The House of Lords Science and Technology Committee has asked the UK government to consider introducing lower VAT rates for firms using "sustainable materials and less virgin raw resources".
The move will come as a boost for prime minister Gordon Brown, who first proposed such a tax cut more than a year ago in a joint statement with French president Nicolas Sarkozy.
In response to the Lords report, a Treasury spokesman said: "The government has been engaging constructively at EU level for more widespread application of reduced VAT rates to energy-saving and energy-efficient products. "
The recommendation forms part of a waste reduction report which aims to reduce company and public sector waste and encourage businesses to adopt greener strategies.
Another recommendation would see reduced VAT on the repair of products to encourage more sustainable consumption.
"We would like to see the VAT regime reformed so that products that have a long lifecycle, or can be easily and cheaply repaired rather than replaced, are made economically more attractive," said Lord O'Neill, chairman of the Lords Science and Technology Sub-Committee on Waste Reduction.
"This would be an important step in turning away from the throwaway consumer culture we currently have."
The Lords report also called on the government to introduce "individual producer responsibility" that would encourage companies to take waste reduction more seriously.
The study points to electronics manufacturers that have already asked to be held responsible for their own waste to ensure that their own good practice is not undermined by companies making less of an effort.
The committee added that government funding to environmental business support bodies should not have been reduced, and that a set proportion of landfill tax revenue should be used to fund waste reduction initiatives.

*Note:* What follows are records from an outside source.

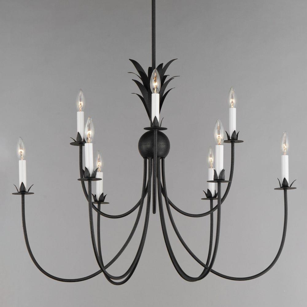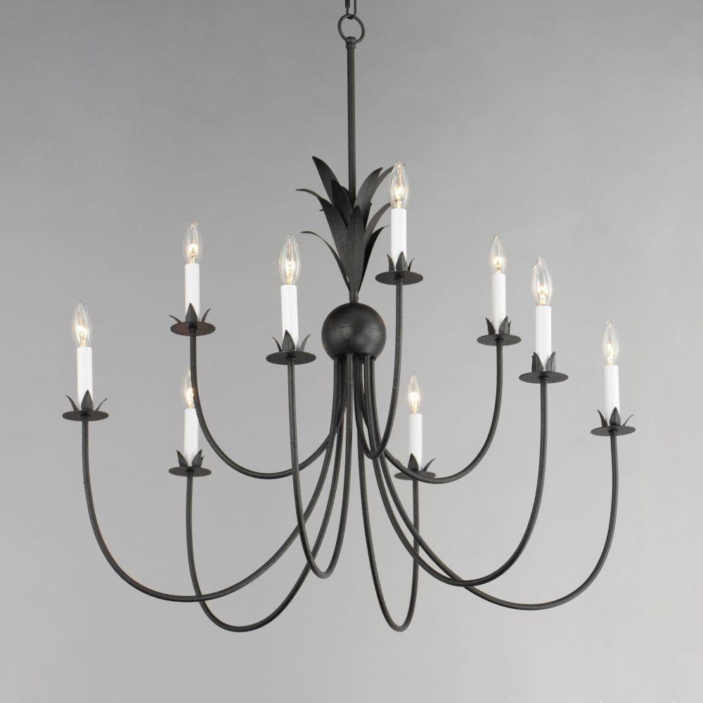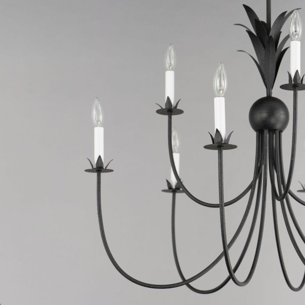 Effortlessly elegant, the biophilic details that adorn this classic chandelier transports you to an oasis indoors. The design, whether brilliantly gilt in Gold Leaf or hand painted in a dramatically textural Anthracite finish, exudes a timeless quality that is sure to please. The graceful form of these fixtures is constructed of slender metal tubes that sprout from a spherical collector at the center and Off-White metal candle covers that are designed to last.
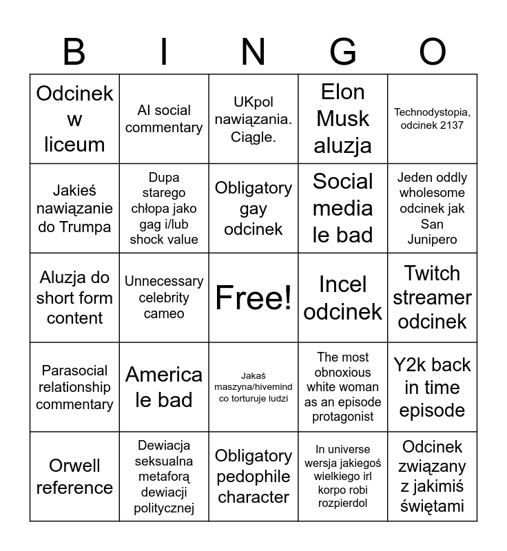 This bingo card has a free space and 24 words: America le bad, Dewiacja seksualna metaforą dewiacji politycznej, Obligatory gay odcinek, Orwell reference, Technodystopia, odcinek 2137, Odcinek w liceum, Jakieś nawiązanie do Trumpa, AI social commentary, Incel odcinek, Jakaś maszyna/hivemind co torturuje ludzi, Social media le bad, Aluzja do short form content, The most obnoxious white woman as an episode protagonist, Y2k back in time episode, Dupa starego chłopa jako gag i/lub shock value, In universe wersja jakiegoś wielkiego irl korpo robi rozpierdol, Twitch streamer odcinek, UKpol nawiązania. Ciągle., Jeden oddly wholesome odcinek jak San Junipero, Unnecessary celebrity cameo, Odcinek związany z jakimiś świętami, Parasocial relationship commentary, Elon Musk aluzja and Obligatory pedophile character.
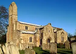 The church dates from the 12th century and doesn't have a tower.[2] The 14th-century south porch has a parvise not connected to the body of the church. It also has two scratch dials. There is a double bell-cote[3] on top of the 13th-century west front.[4][5]

Mike Webster, a spokesman at environmental organisation Waste Watch, said the most important aspect of the report is the effect that a reduced tax on repair services would have on manufacturers.
"Currently a lot of people cannot justify spending a huge amount on a product just because it lasts longer," he said.
"But if this recommendation is followed through it should encourage modern electronics manufacturers to produce fewer obsolete products."